DATA EXCERPT.
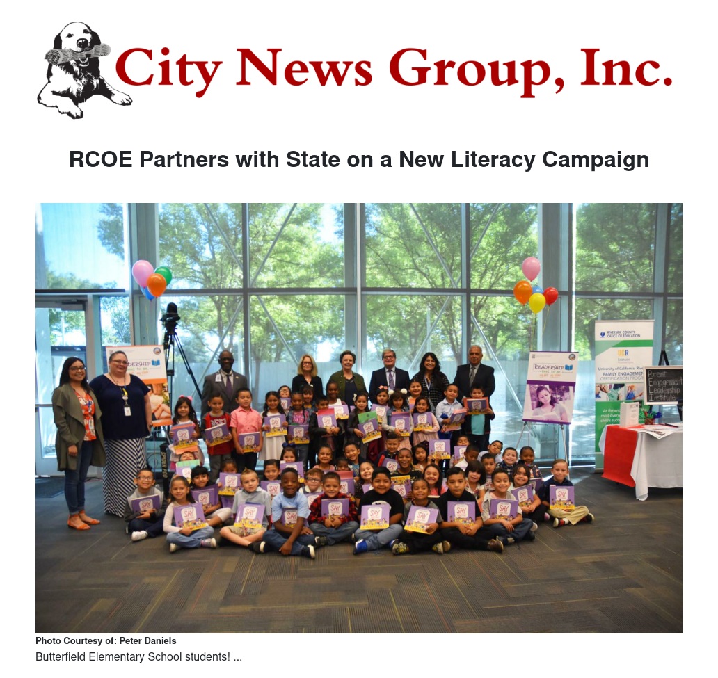 “We are excited to partner with the California Department of Education on such an urgent and important issue – increasing our students’ reading abilities,” commented RCOE Superintendent Dr. Judy D. White. “The achievement gap between white students and students of color is present before they even begin kindergarten, it’s critical all students are proficient readers, that we encourage and support a love of reading, and ultimately help to improve the literacy rates for all students in Riverside County,” said Dr. White.
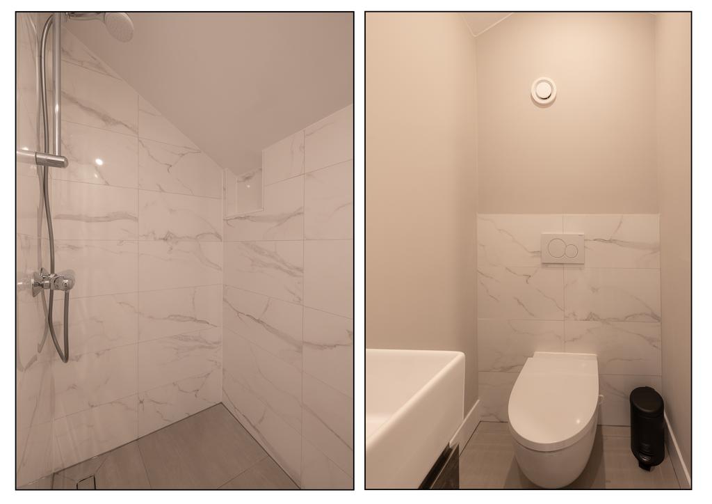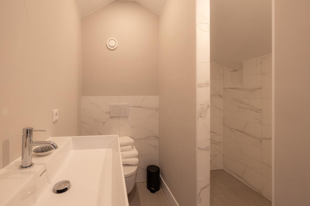 De verdieping beschikt over nog twee slaapkamers en een volledige badkamer voorzien van een inloopdouche, wastafel en toilet. De slaapkamer aan de straatzijde is zeer ruim en kan ook makkelijk door bijvoorbeeld twee kinderen worden gebruikt. Op de overloop bevindt zich nog een separate wasruimte.
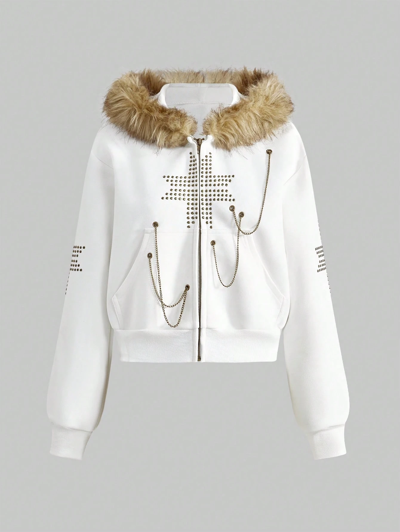 J-Fashion Damen Retro Punk Nieten Ösen Kette Fellimitat Patchwork Kapuzenpullover
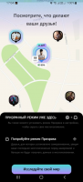Для доступа к функционалу необходимо пройти простую регистрацию, указывается только логин и пароль. Далее нужно предоставить программе доступ к текущему местоположению и контактам. Телефонную книгу можно использовать для добавления друзей или отправки приглашения присоединиться к сервису.Места на карте

TASK OBJECTIVE.
Reproduce the data above word for word and omit the images.

SOLUTION TO THE PROBLEM.
 “We are excited to partner with the California Department of Education on such an urgent and important issue – increasing our students’ reading abilities,” commented RCOE Superintendent Dr. Judy D. White. “The achievement gap between white students and students of color is present before they even begin kindergarten, it’s critical all students are proficient readers, that we encourage and support a love of reading, and ultimately help to improve the literacy rates for all students in Riverside County,” said Dr. White.
 De verdieping beschikt over nog twee slaapkamers en een volledige badkamer voorzien van een inloopdouche, wastafel en toilet. De slaapkamer aan de straatzijde is zeer ruim en kan ook makkelijk door bijvoorbeeld twee kinderen worden gebruikt. Op de overloop bevindt zich nog een separate wasruimte.
 J-Fashion Damen Retro Punk Nieten Ösen Kette Fellimitat Patchwork Kapuzenpullover
Для доступа к функционалу необходимо пройти простую регистрацию, указывается только логин и пароль. Далее нужно предоставить программе доступ к текущему местоположению и контактам. Телефонную книгу можно использовать для добавления друзей или отправки приглашения присоединиться к сервису.Места на карте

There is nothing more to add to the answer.